Deals & Cases
DR & AJU Acts for the Government to Confirm That Cable Car Transportation Services for Tourism Is Subject to VAT
Article 26(7) of the previous Value-Added Tax Act (prior to the current version amended pursuant to Law No. 16101 on December 31, 2018) provided that passenger transportation services to be exempted from value-added tax and that the scope of the passenger transportation services not exempted (taxable objects) shall be prescribed by Presidential Decree. Meanwhile, Article 37 of the Enforcement Decree of the previous Value-Added Tax Act (prior to the current version amended pursuant to Presidential Decree No. 29535 on February 12, 2019) set forth the scope of the passenger transportation services subject to tax, yet did not include certain transportation services for recreation purposes, such as a cruise ship and a cable car. Accordingly, it was possible to interpret the law as if a cruise ship and a cable car were tax-exempt.
Based on the above interpretation, a cable car operator made a claim for tax reassessment seeking a refund of the paid VAT which was taxed on the payment made to the cable car operator for its services. When the tax authorities denied this claim, the cable car operator initiated an action against the tax authorities to revoke the determination of denial. At the court of first instance, the court rendered the judgment that, based on the opinion given by the commissioner of the Statistics Korea (part of the Ministry of Strategy and Finance), the tax authorities’ rectification denial was without merit. The court found that the cable car transportation services would fall under “other industrial activities that regularly transport passengers over the land in the city and the suburbs” pursuant to the classification made by the Korea Standard Industrial Classifications, and categorizing it as taxable would be broadly interpreting the law or make an inference thereof.
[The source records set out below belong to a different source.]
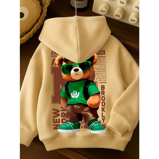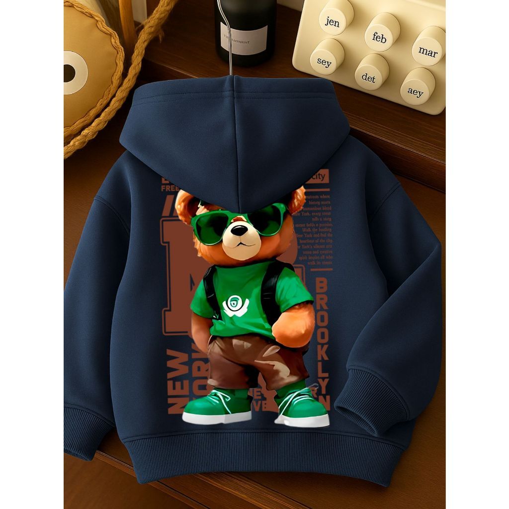 Moletom com Capuz de Manga Longa Confortável com Estampa de Urso Cartoon NY Minimalista para Meninos
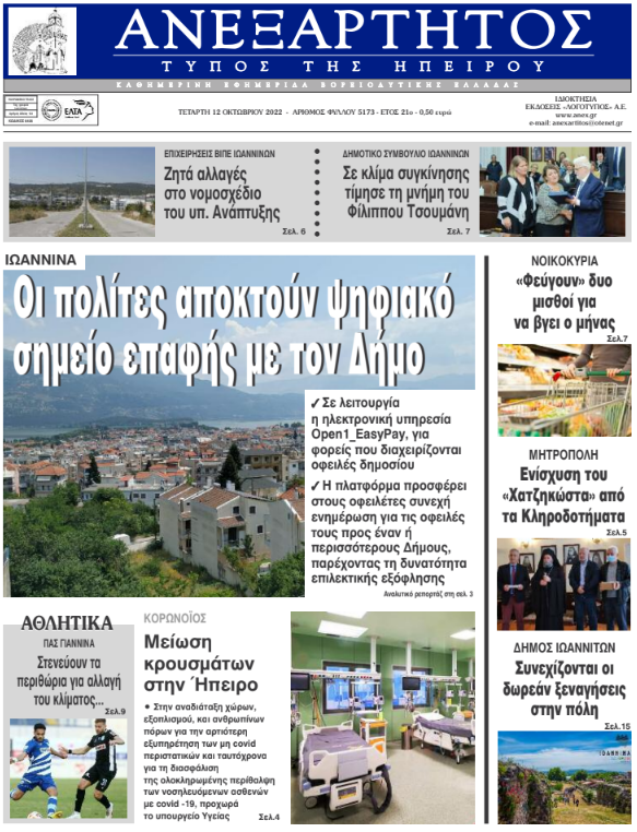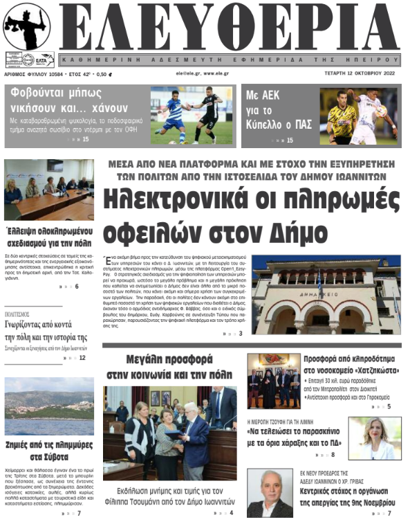 ΑρχικήΕΙΔΗΣΕΙΣΗΠΕΙΡΟΣ ΗΠΕΙΡΟΣ Τα πρωτοσέλιδα των γιαννιώτικων εφημερίδων 12.10.2022 150 FacebookTwitterWhatsAppEmailΤυπώνωViber Διαβάστε στα πρωτοσέλιδα των γιαννιώτικων εφημερίδων της Τετάρτης 12 Οκτωβρίου TagsΓΙΑΝΝΙΩΤΙΚΕΣ ΕΦΗΜΕΡΙΔΕΣΠΡΩΤΟΣΕΛΙΔΑ FacebookTwitterWhatsAppEmailΤυπώνωViber Προηγούμενο άρθροΕνισχύεται με 10 νέες ειδικότητες ο «Προσωπικός Γιατρός»Επόμενο άρθροΠροσφορά από κληροδότημα στο νοσοκομείο «Χατζηκώστα» ΣΧΕΤΙΚΑ ΑΡΘΡΑ Τα πρωτοσέλιδα των γιαννιώτικων εφημερίδων TOP STORIES 26.11.2025 Τα πρωτοσέλιδα των γιαννιώτικων εφημερίδων ΗΠΕΙΡΟΣ 25.11.2025 Τα πρωτοσέλιδα των γιαννιώτικων εφημερίδων ΗΠΕΙΡΟΣ 22.11.2025 Τα πρωτοσέλιδα των γιαννιώτικων εφημερίδων ΗΠΕΙΡΟΣ 21.11.2025 Τα πρωτοσέλιδα των γιαννιώτικων εφημερίδων TOP STORIES 20.11.2025 Τα πρωτοσέλιδα των γιαννιώτικων εφημερίδων ΗΠΕΙΡΟΣ 19.11.2025 ΣΤΗΝ ΙΔΙΑ ΚΑΤΗΓΟΡΙΑ Στάση ευθύνης ζητά από την αντιπολίτευση ο δήμαρχος Βορείων Τζουμέρκων ΗΠΕΙΡΟΣ 26.11.2025 Κλειστά την Πέμπτη όλα τα σχολεία στον Δήμο Ζηρού ΗΠΕΙΡΟΣ 26.11.2025 Την Πέμπτη κορυφώνεται η ένταση των καιρικών φαινομένων στην Ήπειρο ΗΠΕΙΡΟΣ 26.11.2025 Αιτήσεις για οικονομική ενίσχυση λόγω θεομηνίας στον Δήμο Αρταίων ΗΠΕΙΡΟΣ 26.11.2025 Ημερίδα για τη Φροντίδα των Πρόωρων Νεογνών από το ΓΝΙ “Χατζηκώστα” ΗΠΕΙΡΟΣ 26.11.2025 Δήμος Ζίτσας: Πράσινο φως για τις αγορές τοπικών προϊόντων ΗΠΕΙΡΟΣ 26.11.2025 ΜΗ ΧΑΣΕΤΕ Προσοχή, συνεργασία και ψυχραιμία για το νέο κύμα κακοκαιρίας Νεκρός 19χρονος οπλίτης από έκρηξη σε πεδίο βολής Ιστορική συμφωνία για επαναφορά των συλλογικών συμβάσεων Σε εγρήγορση για τον ιό του Δυτικού Νείλου Πτώση πεύκου προκαλεί ανησυχία στο σχολικό συγκρότημα της Ακαδημίας ΔΗΜΟΦΙΛΗ Την Πέμπτη κορυφώνεται η ένταση των καιρικών φαινομένων στην Ήπειρο Τζούφη: Οι δωρεές ανακουφίζουν το ΕΣΥ, δεν καλύπτουν τα κυβερνητικά κενά Σε εξέλιξη η κακοκαιρία Adel Σύλληψη διεθνώς καταζητούμενου για ανθρωποκτονία στην Κακαβιά Αιτήσεις για οικονομική ενίσχυση λόγω θεομηνίας στον Δήμο Αρταίων
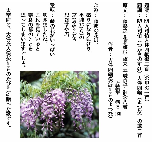 巻3-0330: 藤波の花は盛りになりにけり奈良の都を思ほすや君
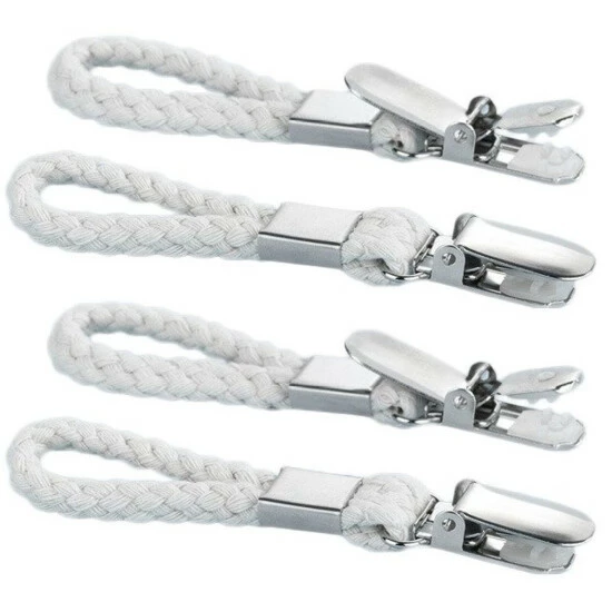 Das Set von Handtuchaufhängern besteht aus hochwertiger geflochtener Baumwolle in weiß. Das Gewebe ähnelt einem Seeknoten, was diesem Produkt ein schönes Aussehen verleiht. Die Clips bestehen aus Edelstahl, wodurch Kleiderbügel erfolgreich an nassen Orten eingesetzt werden können. Es gibt 4 Teile im Set. Maße (B x H x T): je 2 x 10,5 x 1 cm
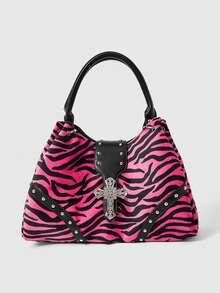 Grunge Punk Sac à épaule pour femmes, sac Hobo, imprimé zébré, imprimé animal, simili-cuir noir mélangé, mode, personnalité, punk, gothique, décoration de matériel de croix gothique, simple, polyvalent, de rue, doux et cool pour les filles, les filles , Y2K, rétro, rivets, vintage
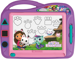 Clementoni Gabby's Dollhouse - Magnetická kresliaca tabuľka s perom a pečiatkami.S touto nekonečnou kresliacou tabuľkou môžu deti kresliť čokoľvek od mačiek a tort až po autá, čísla a písmená. Magnetická kresliaca tabuľa má dizajn Gabby's Dollhouse a je vybavená páčkou, ktorá ľahko maže čiary, keď je tabuľa plná, takže deti môžu znova a znova začínať s novými kresleniami. Dodáva sa s tromi pečiatkami na vytváranie tvarov a rôznych vzorov. Perfektná hra, ktorá podnecuje fantáziu a kreativitu malých umelcov.
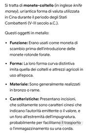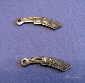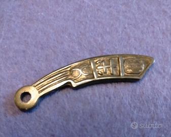 ANTICHE MONETE CINESI IN OTTONE. ERANO USATE COME VALUTA E MONETA DI SCAMBIO, PRIMA DELL' INTRODUZIONE DELLE MONETE ROTONDE FORATE, DURANTE IL PERIODO DEGLI STATI COMBATTENTI ( V - III SEC. A.C. ). LA FORMA RIPRENDE L' IDEA DEL COLTELLO, PERCHÉ IN QUEI TEMPI LE MONETE SI RIFACEVANO AGLI ATTREZZI AGRICOLI. IL FORO RAPPRESENTA IL MEZZO PER FACILITARNE IL TRASPORTO MEDIANTE UN CORDINO. LE MONETE PRESENTANO DELLE INCISIONI CHE RAPPRESENTANO CON CARATTERI CINESI IL VALORE E LE AUTORITÀ EMITTENTI. PEZZO RARO , DA COLLEZIONE

DR & AJU, on behalf of the tax authorities on its appeal, argued the following: (i) consideration should be made as to what kind of services are exempt from tax based on all circumstances and characteristics, (ii) a tourism cable car includes part of characteristics of passenger transport but its main character is to provide tourism service, and (iii) tourism cable car transportation belongs to services related to other recreation services that are not classified by Korea Standard Industrial Classification.
The appellate court accepted the above arguments made by DR & AJU and reversed the lower court’s judgment and found that the tax authorities’ denial was valid. Furthermore, the VAT Enforcement Decree was amended as of February 12, 2019, to expressly exclude transportations for recreational purposes such as cable cars and cruise ships from taxable transportation.
This was the first case that expressly determined whether recreational transportation services are subject to tax and the ripple effect thereof was significant. Additionally, this case was important in providing a standard of judgment to determine the nature of a service where the service has many characteristics combined.